Tips for Fellowships, Scholarships, and Pell Grants
Fellowships, scholarships, and Pell Grants reduce the amount of allowable expenses for education, but it is possible to avoid the situation using careful planning. According to the Form 8863 instructions from the IRS, scholarships, fellowships, and grants are not considered tax free if the student chooses to include that amount in their income, or if these amounts were applied to costs (such as room & board) that are not considered qualified expenses.
If educational assistance is included in income, the credit for education might be increased. The grant or scholarship must be tax free, along with being allowed to be used to pay expenses besides fees and tuition (even if it is applied to fees and tuition by the school). If they elect to do this, the student is required to include the amount paid for other expenses in their income. This increases the credit by applying expenses not actually paid by assistance programs to be considered qualifying educational expenses.
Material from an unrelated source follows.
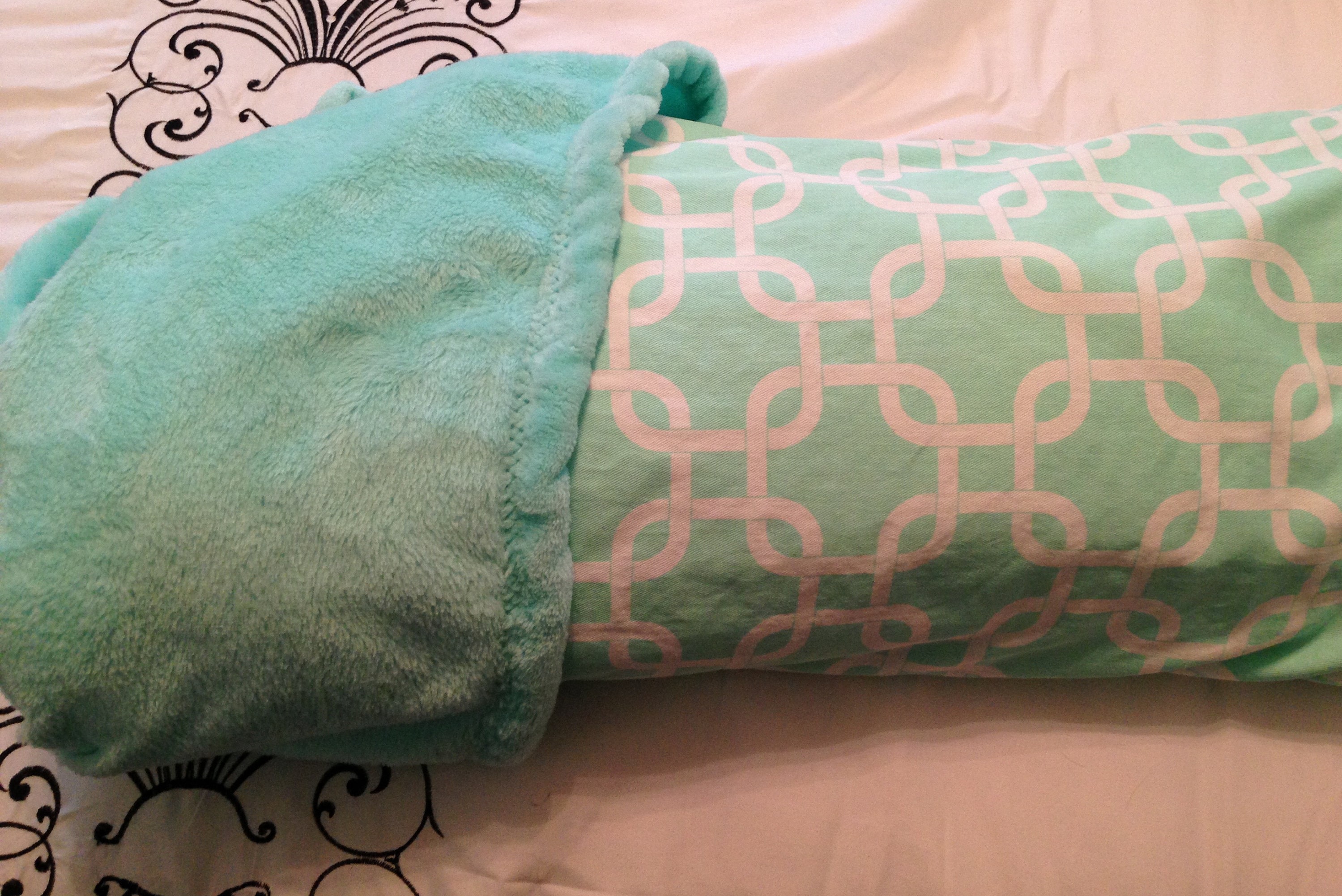 This Childs nap mat cover is the perfect size for day care, grandmas house, or playtime rest. It was lovingly handmade using sturdy cotton home decor fabric and a super soft light weight minky like throw. Both fabrics were pre washed before construction. The nap mat cover will easily accommodate a 5/8"-2" By 19" thick mat. The mat is simply slipped in from the end. This style enclosure keeps the cover in place while the child is resting. The back of the cover is a high quality home decor fabric in light aqua with white quatrefoil or trellis print. The inside is a cuddly super soft bright aqua fabric wide enough to completely cover the napping child. There is a pillow built into the top of the cover just the right size for a resting child. To keep the child company during nap time there is a colorful little girl reading to her unicorn embroidered on the corner of the cover.

Withdrawals from Coverdell ESAs and Section 529 accounts, just like scholarships and Pell grants, can be used for education expenses however the student or taxpayer desires. Credits can be taken in the same year the distributions are taken, but both can’t be used for a student during the same tax year.
As long as it wasn’t for room & board, refunds received in the year the expenses got paid reduce the amount of eligible expenses. Room & board refunds have no effect because they are not considered qualifying expenses to begin with. The same applies for refunds received during the following year, but prior to filing of the return. If a student gets a refund in the tax year following the year the return gets filed, the appropriate amount must be repaid.